REQUIRED ACTION:
From the first line to the last, copy the listing exactly and omit the images.

INFORMATION PROVIDED:
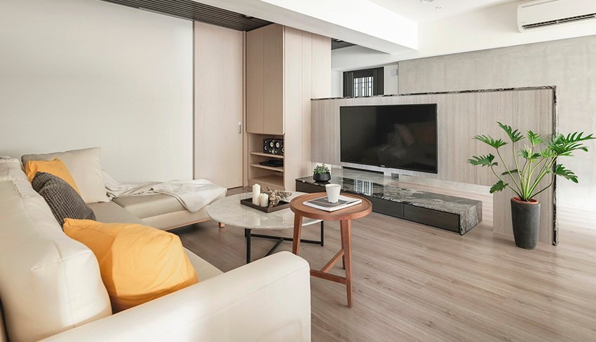 屋主重视家人相处层面,讨论时就强调简单明亮的开放式空间,也因为孩童处于成长年纪,需要自由玩耍空间,随性大方的北欧风,适合有幼童家庭,以清新面貌凝聚一家四口的窝。考量到预算,电视墙使用仿石材美耐板,边缘加上大理石点缀,而在客厅家具方面,沙发和茶几都是屋主自行挑选,简约米色与住宅气氛不谋而合,搭配跳色抱枕与植栽,空气中多了活泼生机。
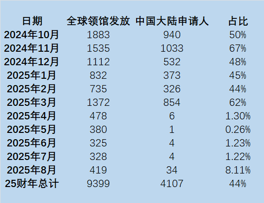 不过,在新政下,中国申请人仍是最大受益群体。虽然6月仅有17人获得签证,占比30.9%,但7月迅速放量至142人,占当月全球发放量的74.7%,8月虽回落至69人,占比仍维持在74.2%的高位。
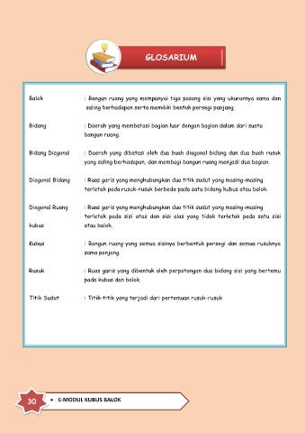 Balok : Bangun ruang yang mempunyai tiga pasang sisi yang ukurannya sama dan

SOLVED PROBLEM:
 屋主重视家人相处层面,讨论时就强调简单明亮的开放式空间,也因为孩童处于成长年纪,需要自由玩耍空间,随性大方的北欧风,适合有幼童家庭,以清新面貌凝聚一家四口的窝。考量到预算,电视墙使用仿石材美耐板,边缘加上大理石点缀,而在客厅家具方面,沙发和茶几都是屋主自行挑选,简约米色与住宅气氛不谋而合,搭配跳色抱枕与植栽,空气中多了活泼生机。
 不过,在新政下,中国申请人仍是最大受益群体。虽然6月仅有17人获得签证,占比30.9%,但7月迅速放量至142人,占当月全球发放量的74.7%,8月虽回落至69人,占比仍维持在74.2%的高位。
 Balok : Bangun ruang yang mempunyai tiga pasang sisi yang ukurannya sama dan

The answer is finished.